Because it's a useful abstraction. If you only look at PRs and don't ever care about commits, why are they even being sent to reviewer in the first place? Just send a diff file.
Having atomic commits lets you actually benefit from having them. Suddenly you don't have to perform weird dances with interconnected PRs with dependencies as "PR too big" is not such a problem anymore as long as commits are digestible; you can have things property bisectable; you can preserve shared authorship; you can range-diff and have a better view on what and how changed between review passes, and so on...
The unit of change is commit, and PRs group commits you want someone to pull. If you don't want or need any of that, you're just sending a patch file in a needlessly elaborate way.
> If you only look at PRs and don't ever care about commits, why are they even being sent to reviewer in the first place? Just send a diff file.
This is in fact what hg does with amending changesets and yes it works far better. Keep PRs small and atomic and you never need to worry about what happens intra-pr. If you need bigger units of work that's what stacking is for.

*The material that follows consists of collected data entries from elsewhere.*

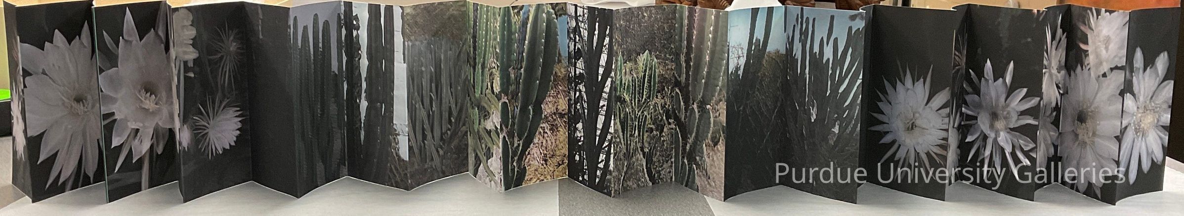 Four lengths of paper 6” H with 12 folds in it. Image is of 24 hour cycle of a cactus throughout the year. Both ends of the image are dark with the middle images being the brightest due to the noon day sun. Flowers are white.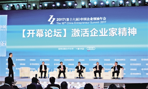 圖為“2017(第十六屆)中國企業(yè)領(lǐng)袖年會”開幕主題論壇現(xiàn)場。 記者 崔國強攝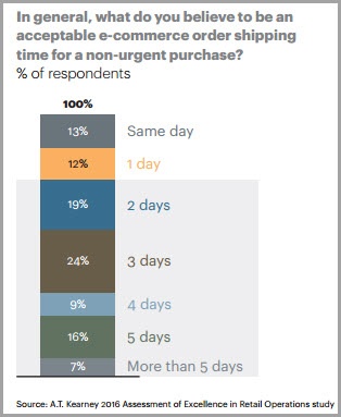 The 2016 A.T. Kearney Achieving Excellence in Retail Operations (AERO®) study sought to find the answer to this. When asked “what do you believe to be an acceptable e-commerce order shipping time for a non-urgent purchase?” the most common answer was “three days” (24%), with 68% of respondents answering between “two” and “five” days. The extremes of “same day” and “more than 5 days” only accounted for 20% of responses when combined.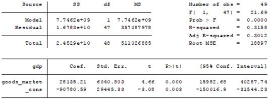 Таким образом, представляется логичным, что такой фактор оказывает влияние на экономический рост в странах с высоким уровнем доходов. Однако стоит отметить невысокий уровень значения нормированного R-квадрата модели (0,3), что может говорить о том, что, очевидно, в действительности на рост ВВП (ППС) на душу населения оказывает влияние гораздо большее количество факторов, некоторые из рассмотренных в рейтинге не могут быть учтены в модели по причине мультиколлинеарности. При этом среди всех параметров рейтинга, эффективность товарного рынка оказывает наибольшее влияние на рост ВВП.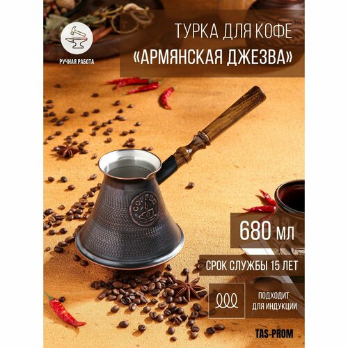 Турка для кофе "Армянская джезва", для индукционных плит, медная, 680 мл
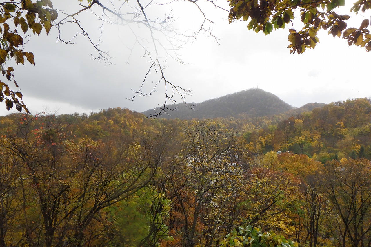 旭山記念公園紅葉情報、2024(令和6)年10月28日、雨の月曜日のようすです。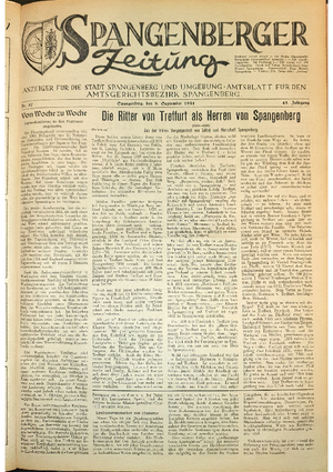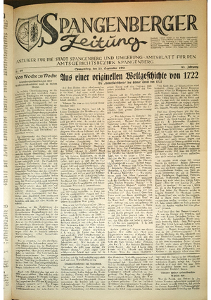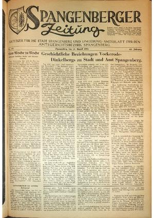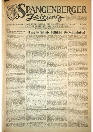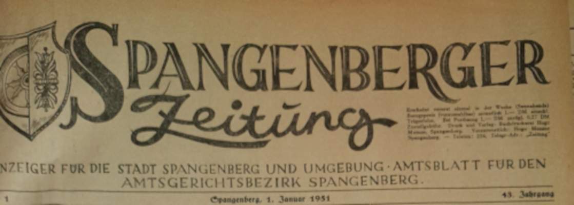 Hier ist der komplette Jahrgang der Spangenberger Zeitung aus dem Jahr 1951. Viel Spaß beim “stöbern”. Viele interessante Artikel und Informationen könnt ihr hier finden.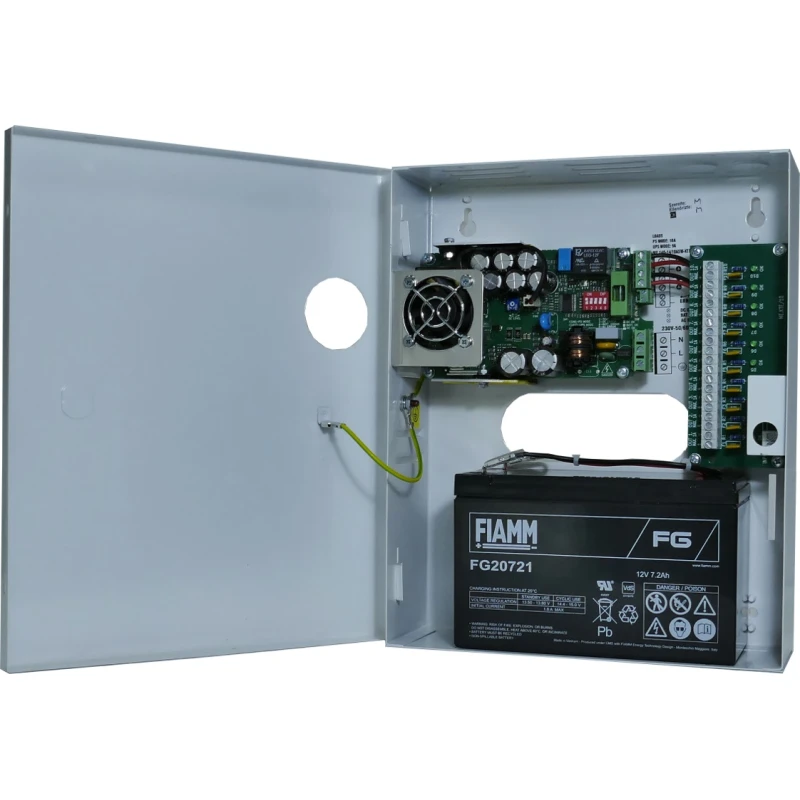 ME.55-12/4 DC-DC CCTV tápegység zárható fémdobozban, 10 kimenet + DVR, 13.8V DC, 1A/kimenet, akkumulátorhellyel, szünetmentes, IP20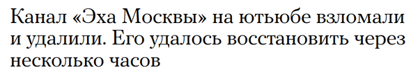 Э... Мне кто-нибудь может объяснить, как можно "взломать и удалить" youtube-канал с двухфакторной аутентификацией (даже я такую использую, а уж что на "Эхе" такую не используют - я поверить не могу) и как его при таком крутом взломе можно восстановить (очевидно, что если взломали, то все данные аутентификации поменяли) со всеми удаленными данными через несколько часов?

Stacking is good for expressing dependencies, but isn't helpful when you need to make several distinct changes that aren't necessarily needed unless you take them all in. What's the value in having a separate PR that introduces a framework that you later use in another PR when you may not actually want to merge it if the latter one doesn't end up being merged as well?
A PR is a group of commits, just utilize that when you need it.